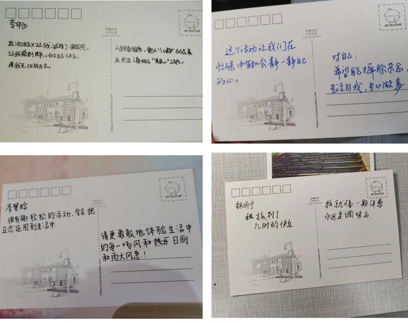 活动最后,闫维蓉给每位同学发了明信片,让同学们写下对此次活动的感受以及想对自己说的话。同学们拿起笔在明信片上记录,字里行间不仅是对活动的感受和未来展望,更是对自我认识的深化和激励,坚信CSer终将实现明信片中的美好祝愿。
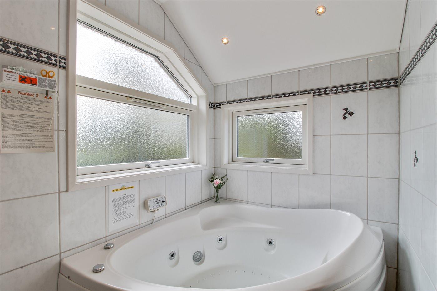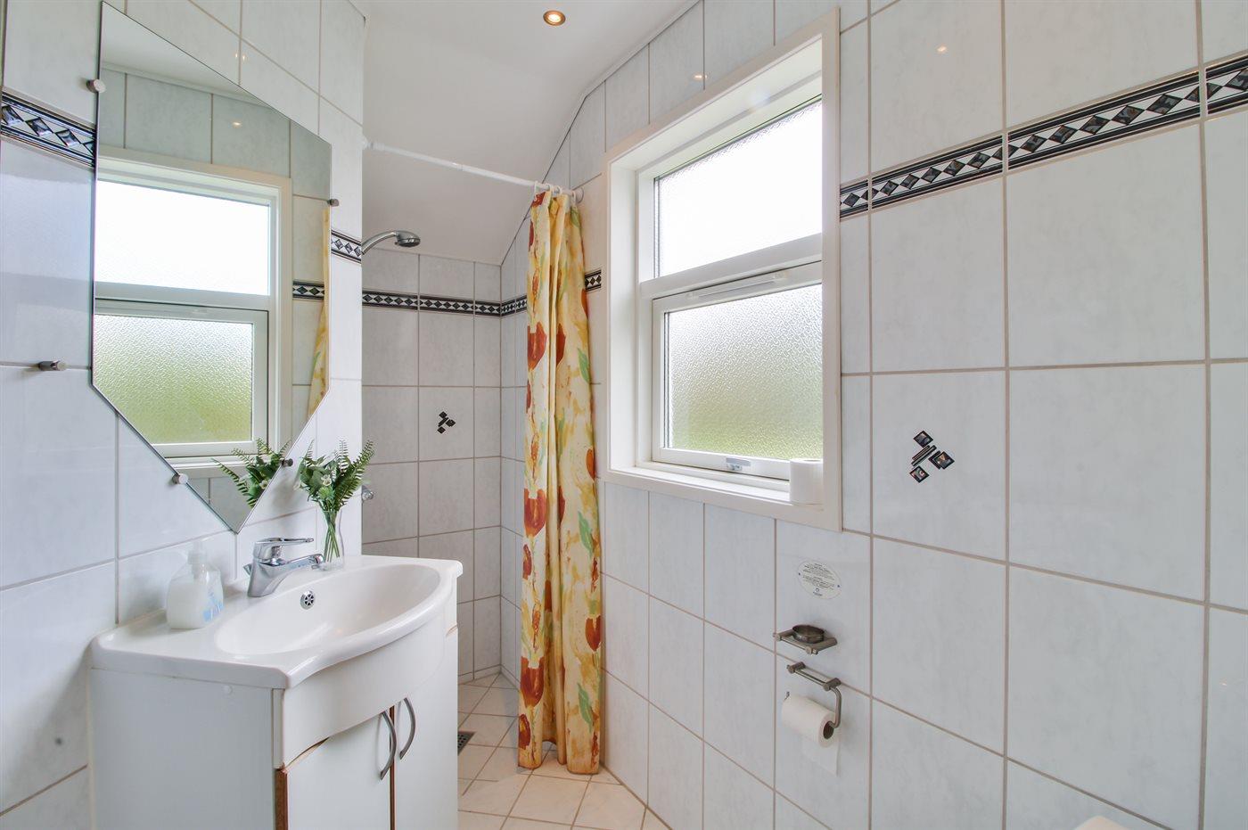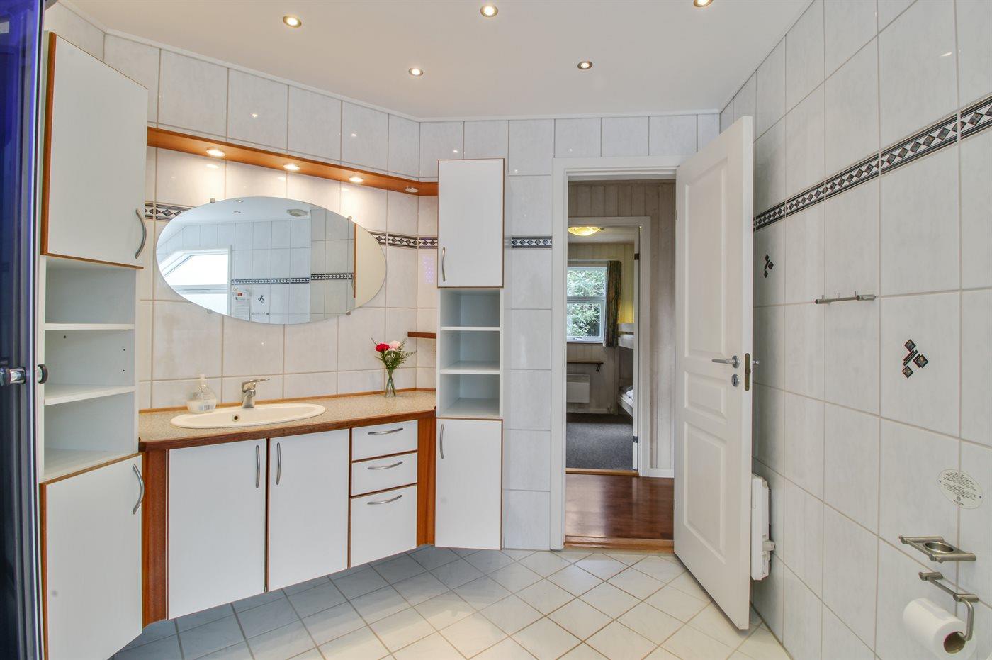 Der er 2 badeværelser med bruseniche og 2 toiletter. Der er gulvvarme på 2 badeværelser. I saunaen er der mulighed for afslapning.
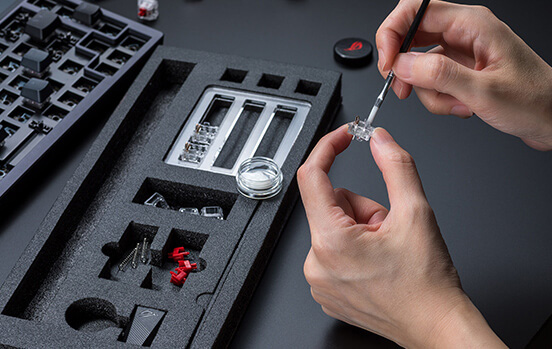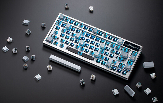 ROG Azoth is a 75% gaming keyboard bristling with DIY features traditionally found on premium custom keyboards. A metal top cover with silicone gasket mount and three-layer dampening, hot-swappable, pre-lubed ROG NX mechanical switches and keyboard stabilizer, ROG PBT doubleshot keycaps and bundled switch lube kit combine to create unprecedented typing experiences. ROG Azoth also has an OLED display with intuitive controls, versatile tri-mode connectivity with SpeedNova wireless technology in 2.4 GHz mode, three adjustable tilt positions, and MacOS support.
#####
> [Brief] The whole listing above, line by line, needs to be copied exactly, except for any images.

> [Worked solution]
 活动最后,闫维蓉给每位同学发了明信片,让同学们写下对此次活动的感受以及想对自己说的话。同学们拿起笔在明信片上记录,字里行间不仅是对活动的感受和未来展望,更是对自我认识的深化和激励,坚信CSer终将实现明信片中的美好祝愿。
 Der er 2 badeværelser med bruseniche og 2 toiletter. Der er gulvvarme på 2 badeværelser. I saunaen er der mulighed for afslapning.
 ROG Azoth is a 75% gaming keyboard bristling with DIY features traditionally found on premium custom keyboards. A metal top cover with silicone gasket mount and three-layer dampening, hot-swappable, pre-lubed ROG NX mechanical switches and keyboard stabilizer, ROG PBT doubleshot keycaps and bundled switch lube kit combine to create unprecedented typing experiences. ROG Azoth also has an OLED display with intuitive controls, versatile tri-mode connectivity with SpeedNova wireless technology in 2.4 GHz mode, three adjustable tilt positions, and MacOS support.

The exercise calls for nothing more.